Bjornsgaard will eine drückende, beklemmende Atmosphäre schaffen, die von banger Erwartung und latenten Ängsten durchzogen ist. Doch der Tanz verliert sich ins Ungefähre. Wenn endlich die Treibjagd der Geschlechter eröffnet wird, wirkt das nur banal.

Der Traum von einem anderen Körper: Meryl Tankard wurde von den Sirenengesängen der Komponistin Meredith Monk zu ihrem Stück „@north“ angeregt. Spiegelnde Wasserflächen, ein schwebendes Quallenballett: Der Fotograf und Videokünstler Régis Lansac schafft imaginäre Räume. Tankard greift animalische Bewegungen auf, die Tänzer gleiten bäuchlings über den Boden, werden zu fliegenden Fischen, stelzen auf Vogelbeinen.

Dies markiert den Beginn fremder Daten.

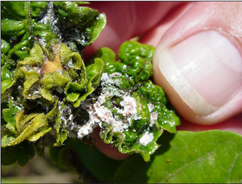
Maconellicoccus hirsutus (Green)-'bunchy top' damage.
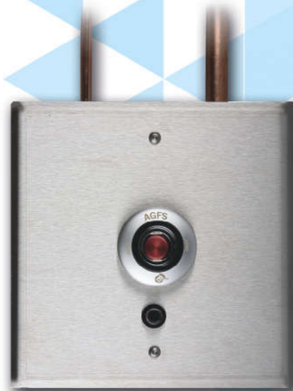
For AGSS, Venturi type
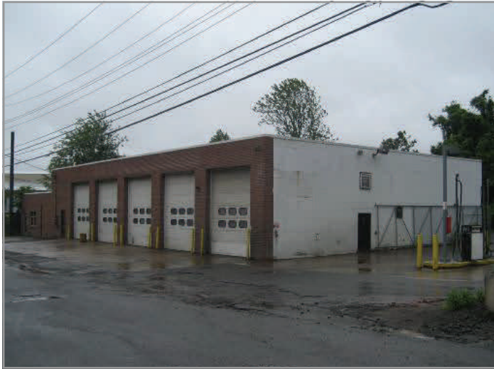
7,140 SF Building and Single-family house on total of 2.09 acres plus 1.74 acres vacant land

46, 50 & 64 Goodwin Street • New Haven, CT
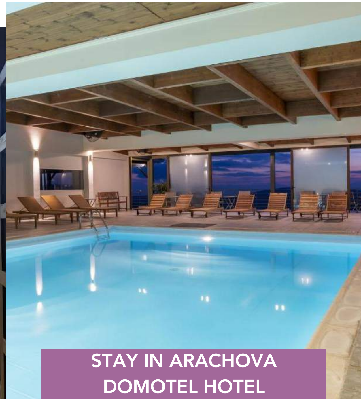
STAY IN ARACHOVA DOMOTEL HOTEL

The Monastery of Osios Loukas, is renowned for its stunning Byzantine mosaics. The mesmerizing mosaics, adorned with vibrant colors and intricate designs, offer a glimpse into the religious and artistic traditions of the Byzantine Empire, making the Monastery of Osios Loukas a must-visit destination.
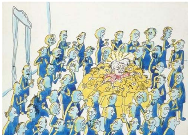
Figure 4. Illustration III.

This increases his resistance to movement, in other words, he acquires mass, just like a particle moving through the Higgs field. If a rumour across the room, it create the same kind of clustering, but this time among the scientists themselves. In this analogy, these clusters are the Higgs particles.
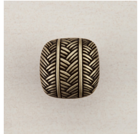
DQEAP - WOVEN SQUARE - 1" x 1"
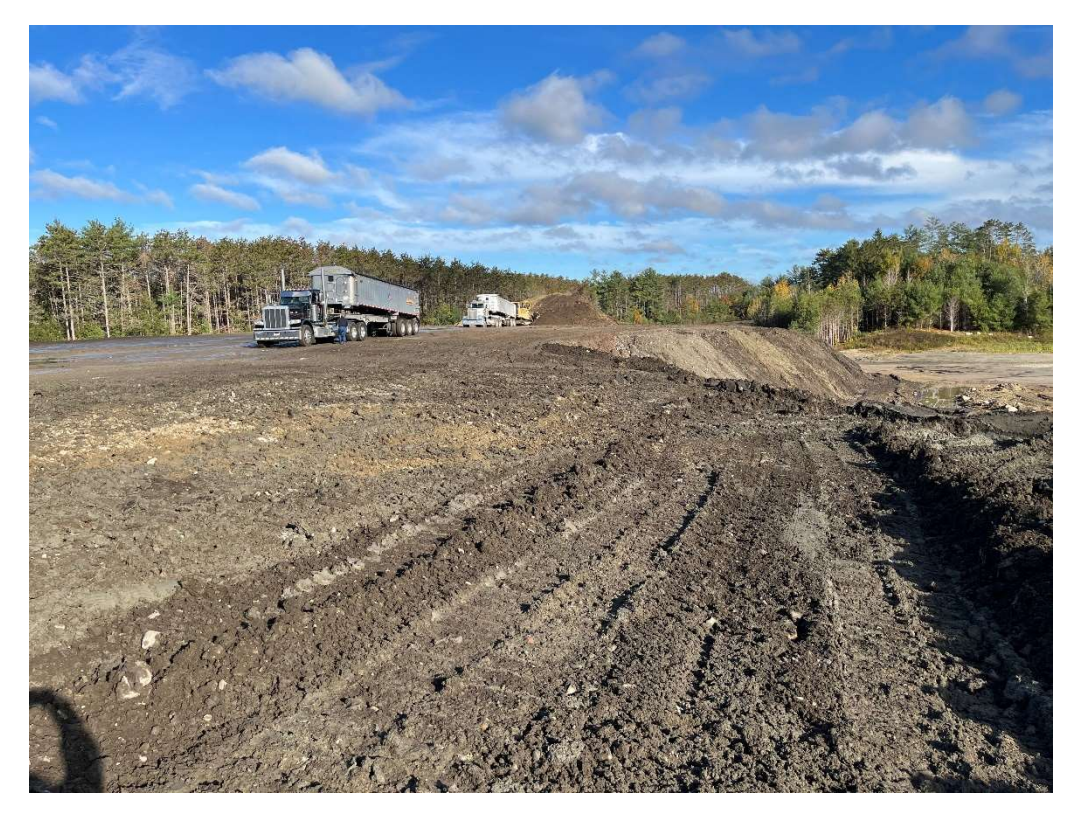
Photo 2 – Material delivered to the Site and placed for grading and shaping.
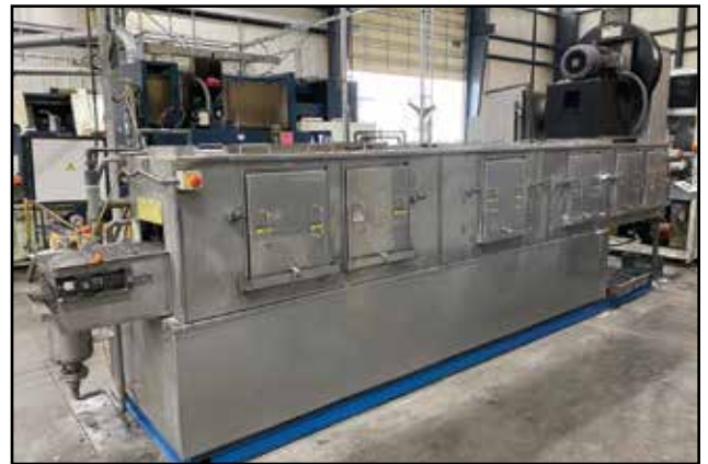
JENFAB Stainless Steel Pass-Through Parts Washer
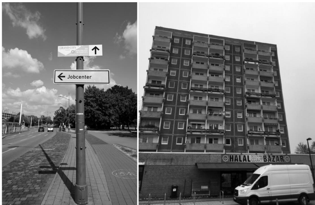
Figure 3. The job centre sign in Halle, Südliche Neustadt, and an Arabic supermarket in Mueßer Holz/Neu Zippendorf (Schwerin).
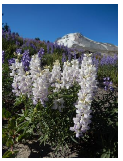
Lupinus sp. Mt Hood, Oregon.

Following Target 5 identification of IPAs, it will be verified that 25 percent of North American alpine plants are located in protected areas. Areas that are designated as IPAs with low protection designation and areas with high alpine flora diversity not included in IPAs will be targeted for improved protection. Scientists will conduct studies to further clarify life histories of species and floristic inventories that improve understanding of species distributions. Recommendations can then be made for fencing and road closures that enhance protection for individual species where appropriate. This can only be accomplished through collaborative efforts among botanic gardens, scientists and public land management agencies.
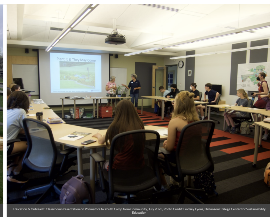
Education & Outreach: Classroom Presentation on Pollinators to Youth Camp from Community, July 2023.
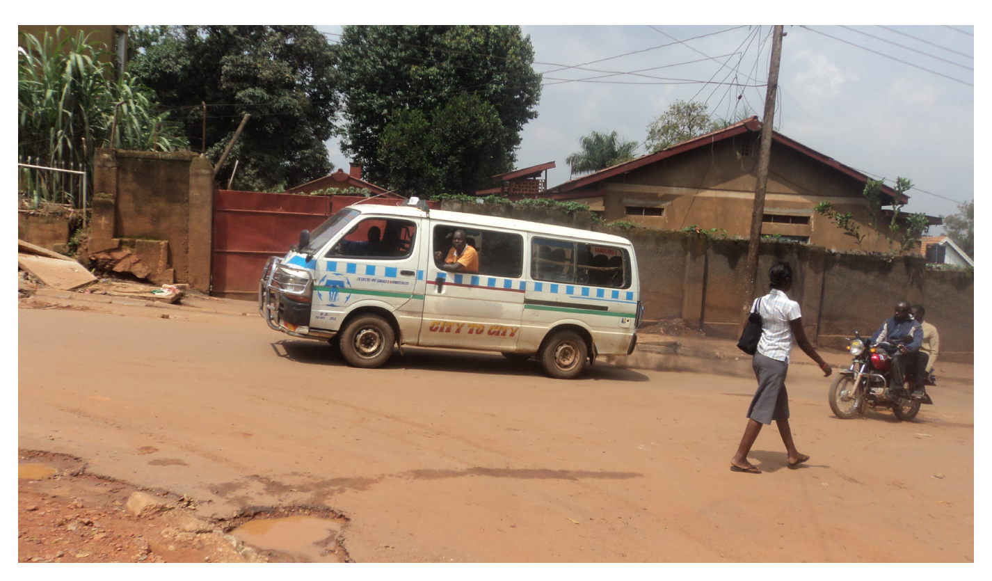
Public taxi and boda boda
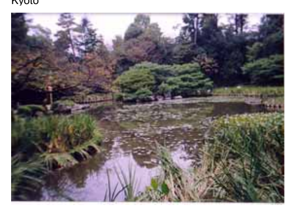
Fig. 16 Pond in Japanese garden
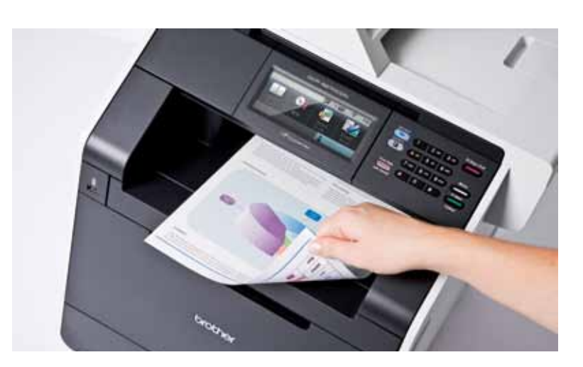
Automatic double sided-printing for professional business documents
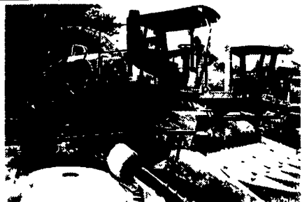
00 FX 38 New Holland 700 Cutter HR Corn Cracker, Hyd Outlet, 10' Hay, 6 Row Corn $159,900 $155,000
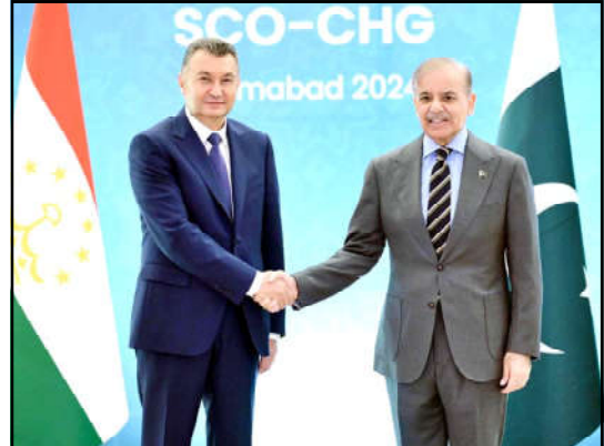
ISLAMABAD: Prime Minister of Tajikistan, Qohir Rasulzoda calls on Prime Minister Muhammad Shehbaz Sharif on the sidelines of SCO Council of Heads Meeting.

over 2,000 years to the ancient Silk Road, which served as a bridge of friendship between the two ancient civilizations. He acknowledged the strong amity that has characterized Pakistan-China relations since the establishment of diplomatic ties in May 1951 and said that Pakistan was one of the first countries to recognize the People's Republic of China. Paying tribute to the visionaries who built this enduring relationship, including former Prime Ministers Shaheed Zulfikar Ali Bhutto and Shaheed Benazir Bhutto, as well as Chinese leadership, he reflected on their contributions to solidifying ties.
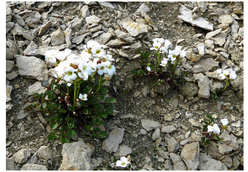
Castle hill basin, Canterbury.

A plant inhabiting fine-grained limestone scree, stony colluvium, and also growing on the margins of associated sparsely vegetated, stable to semi-stable limestone rock outcrops and bluffs.
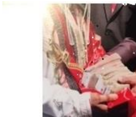
Hundreds of thousands of Rupees in cash are gifted to Australian-Indian grooms as dowry

The daughter on the other hand is a losing proposition. The parents educate her, invest emotional energy but unless they give dowry she cannot get married. If the Indian groom happens to be a resident of USA, Canada, Australia, UK much the better, he will command dowry in millions and billions. Dowry has become a status symbol. The rich want to show off their wealth by giving big dowries and the middle and lower socioeconomic classes feel the burden to copy the rich. Is it then a surprise that female babies in India are constantly aborted and female infanticide is a problem? This has given rise to an abnormal male to female sex ratio where males predominate. Is it happening in Australia? The answer is YES, and is provided by Christopher Guilмото, UN gender expert. He says Indian and Chinese communities combined account for a "missing 1400 female foetuses" between 2003 and 2013. Between the decade studied (2003-2013) the sex ratio was 105.7 males per 100 females for Australia as a whole. For Indian born parents the ratio was 108.2 boys per 100 girls, and for Chinese-born parents, average of 109.5 boys were born for every 100 girls.
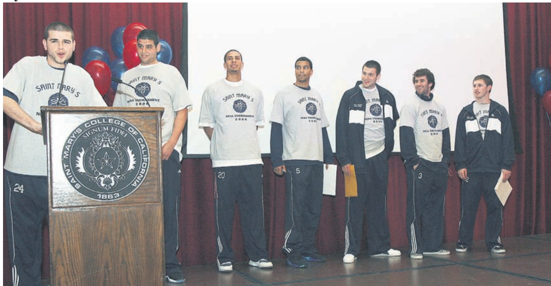
SMC players talk to fans, media at the College following the NCAA Division I selection announcement
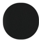
Reconstructed stone black slate X132
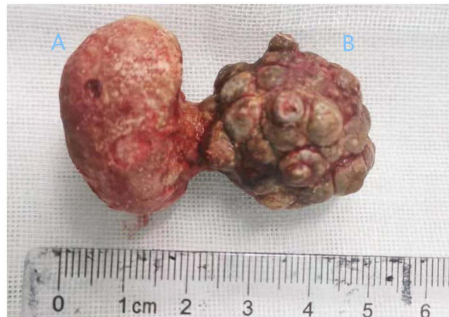
Figure 3 The calculus after removal, with (A) located in the bladder and (B) in the urethra.

refused surgical removal of the diverticulum. After urination, residual urine in the diverticulum was drained by urethral squeezing, without further flow from the urethral orifice. We recommended against vaginal delivery to prevent urethrovaginal fistula formation. During the five-year follow-up, the patient experienced mild stress incontinence and one missed abortion. Behavioral therapy was administered to manage mild stress incontinence.
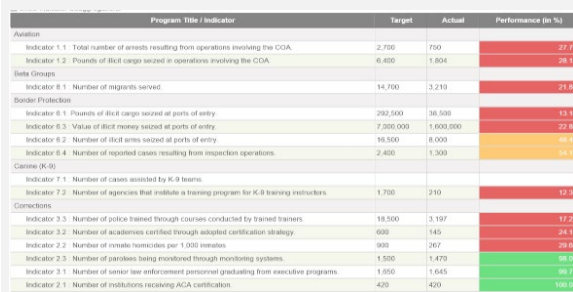
Predefined and on-demand reports can be easily generated, saved, shared, and exported
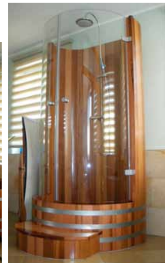
DK RC, V2A, ST DK, ME DK
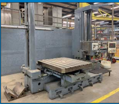
4" Summit Rotary Table Horizontal Boring Mill
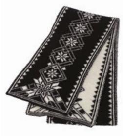
MODEL 292 COL 4 BLACK / WHITE
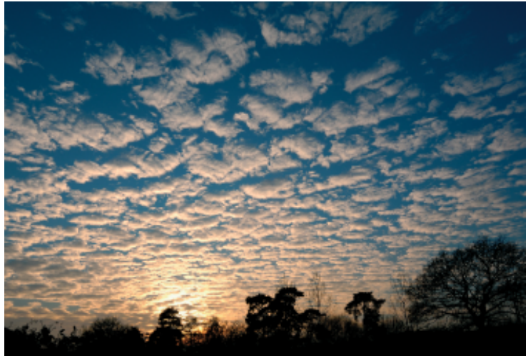
Figure 1: Altocumulus stratiformis translucidus perlucidus in the late afternoon of 18 December 2007 at Horsham (West Sussex). This cloud is transparent and has gaps between the cloud elements.[2]

The clouds in the picture should be identified as cumulus and altocumulus. From the image one can easily identify the cumulus clouds in that they always appear puffy, dense and sometimes resemble a cauliflower. In meteorology, the cumulus cloud is categorized as a type of low-level cloud. The formation of cumulus clouds has something to do with atmospheric convection.
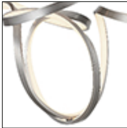
AS - Antique Silver
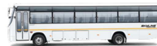
Eicher Skyline Pro 3008 (36+1 HHR Seats)
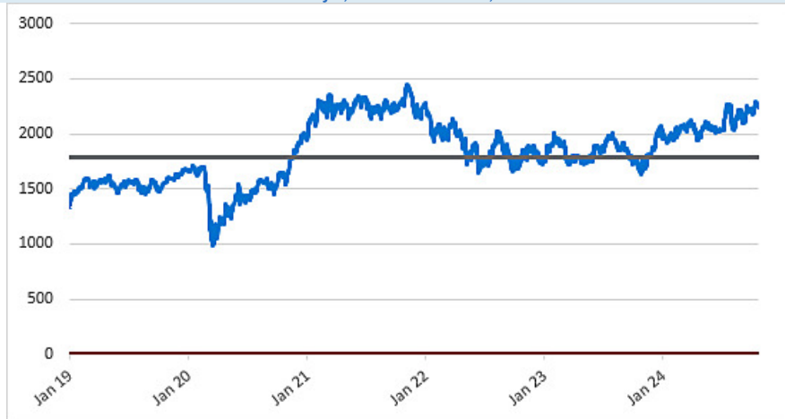
RTY Daily Closing Values January 2, 2019 to October 21, 2024

*The grey solid line in the graph indicates the hypothetical downside threshold level, which is 80% of the hypothetical index closing value on October 21, 2024.
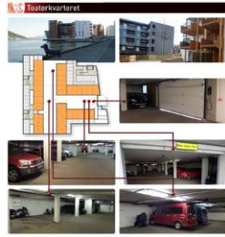
Fig. 7. Smart parking use case.

The Smart parking demonstration is located in Tromsø, Norway offering an extendable service for sharing available parking space. The initial test site is located in a newly constructed cluster of a living community for residents, elderly and young people, some of them requiring health and assistive service from the municipality. The area consists of apartment buildings, offices, theater and amusement activities with less and less outdoor parking space.
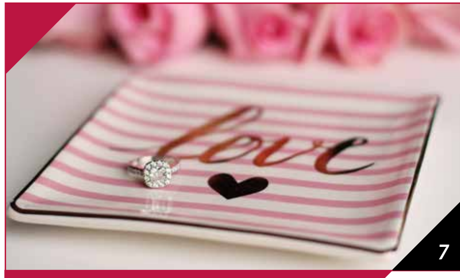
Preparing For Your Wedding - Is it time for a Pre-nup?
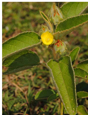
74 Melhania velutina MALVACEAE
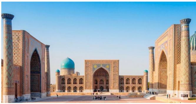
Registan Square in Samarkand
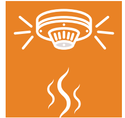
Fire alarm systems

Anna Sappho Polychronopoulou gleitet im weißen Abendkleid als Nixe durch die Meditation. In Wellen fließt die Energie durch die Körper. Der Sprung in die Gegenwart bedeutet dann den Verlust der Anmut. Hysterische Party-People, aufgeregtes Geplapper und Geflatter, aggressive Spiele. Ein Tänzer mit Kapuze watschelt wie eine Ente und fällt jedes Mal auf die Fresse – eine traurige Nummer, von den anderen beklatscht. Die Drehbühne kreist, die Tänzer stehen Kopf, Plastikspielzeug fliegt herum. Am Ende rieselt Kunstschnee auf das Zivilisationselend.

Es bleibt bei grellen Effekten. Die Vogelfrauen werden doch wieder zu aufgeregten Hühnern. Und auch die riesigen Schmetterlinge, die in endloser Reihe als Projektion vorüberziehen, bleiben ein uneingelöstes Versprechen. Verpuppung und Verwandlung – das gelingt den Tänzern bei ihrer Abschiedsvorstellung nicht. Das BerlinBallett verflattert sich einfach.

Wieder am 28.April, 3., 6., 15. und 22. Mai.